By Kim Se-jeong
Staff Reporter
For the third year in a row, Koreans make of the largest portion of foreign students at educational institutes in the United States.
According to the U.S. Department of Homeland Security, the number of Korean students studying in the United States in 2008 totaled 127,185, accounting for 15 percent of the total 859,169.
It was mostly Asian countries in the top five.
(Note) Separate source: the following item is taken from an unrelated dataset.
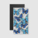 Verticale samenstelling van realistische, blauwe en witte morfovlinders op grijze getextureerde achtergrond. Morpho blauwe vlinder.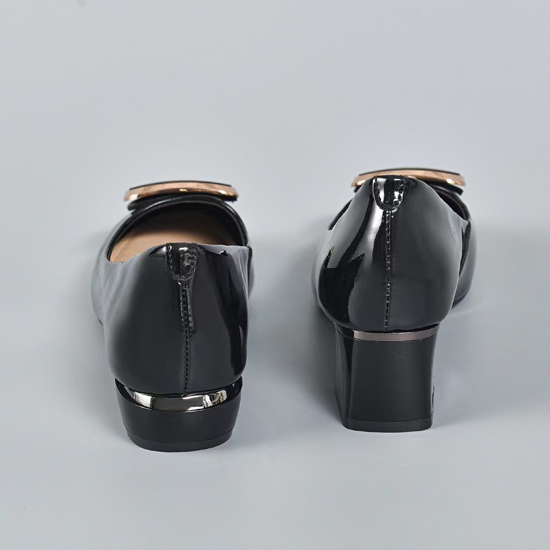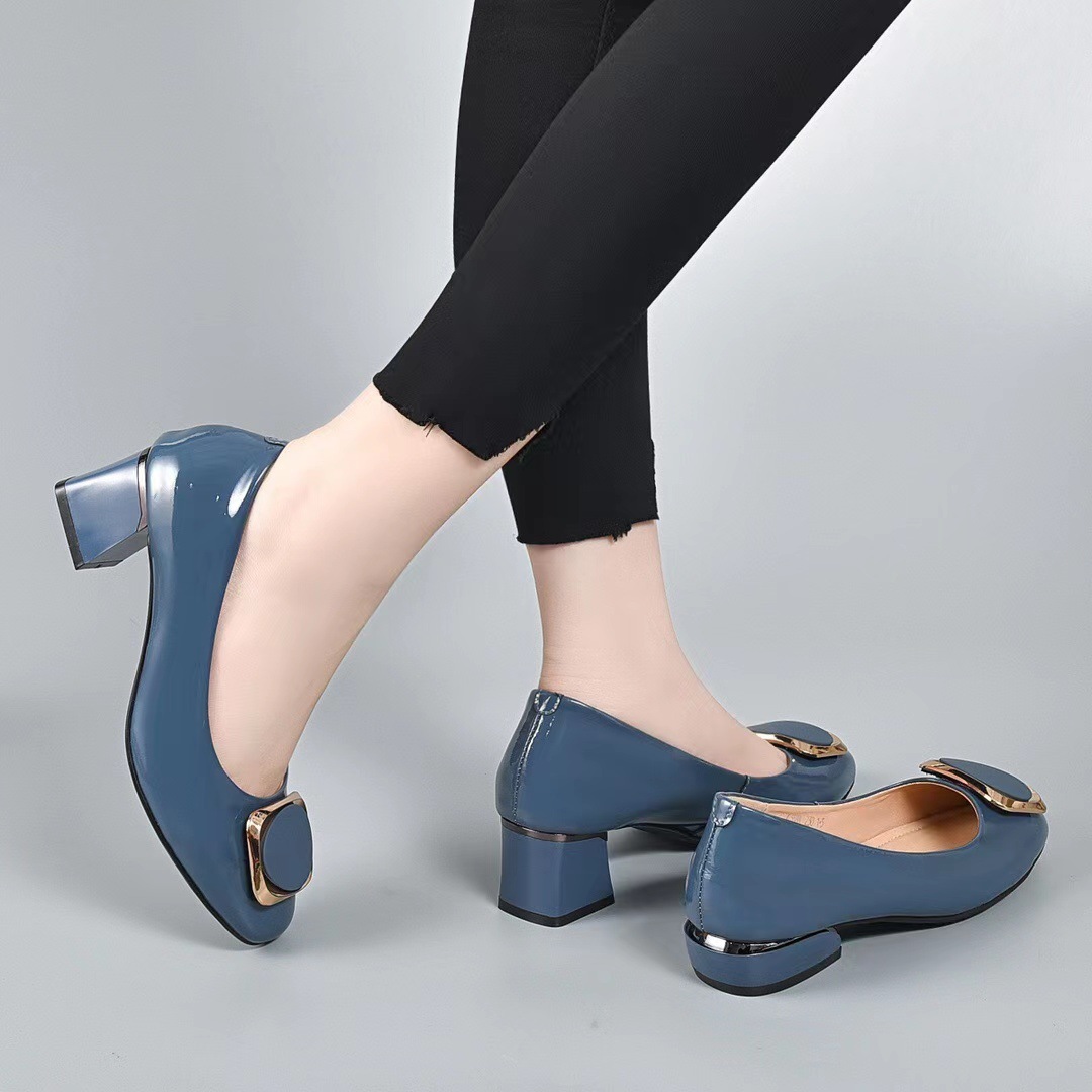 Giày cao gót nữ với phần gót được thiết kế vững chãi. Mẫu giày này có kiểu dáng mũi nhọn và cổ giày thấp, tạo cảm giác thanh thoát, phù hợp cho mùa hè. Chất liệu bề mặt bóng đẹp, dễ dàng vệ sinh. Bạn có thể phối cùng nhiều loại trang phục như quần âu, chân váy để tạo điểm nhấn nổi bật cho tổng thể. Đây là lựa chọn thiết thực cho những yêu thích phong cách nhẹ nhàng nhưng vẫn giữ được nét duyên dáng. | Tên sản phẩm: Giày Cao Gót Nữ Chất Liệu Da Bò Mũi Nhọn Gót Vuông Hàng Mùa Hè - Giày Dép Nữ | Mã sản phẩm: K1478 - Giá: 1.350.000đ | Mã nhà sản xuất: TOREHU-G04Hình ảnh sản phẩm

Korea was followed by China (90,290, or 10.5 percent), India (85,067, or 9.9 percent), Japan (58,081, or 6.8 percent) and Mexico (54,084, or 6.3 percent).
The statistics also indicated that the number of Korean citizens on short-term nonimmigrant admission to the United States last year was 216,646. In other words, more than half of the Korean citizens living in the United States were on a student visa.
The statistics are perhaps no longer surprising, having remained the top foreign student provider since 2006. Back in Korea, it is now more commonplace to find someone who has studied abroad, especially the United States.
The trend runs in tandem with Koreans' well-known focus on education, especially English.
The government, facing a heavy deficit stemming from money transferred abroad for educational purposes, has steadily been trying to be creative in coming up with affordable and quality public English education, which for the most part went in vain.
One of the most recent government endeavors is the Work, English Study and Travel (WEST) Program, in cooperation with the U.S. government.
Almost equivalent to the working holiday programs of Australia, New Zealand, Canada or Japan, participants receive English education, work as interns at firms and travel over 18 months.
Unlike working holiday programs, however, participants in the WEST program have to pay approximately $10,000, a fact which often surfaces for criticism.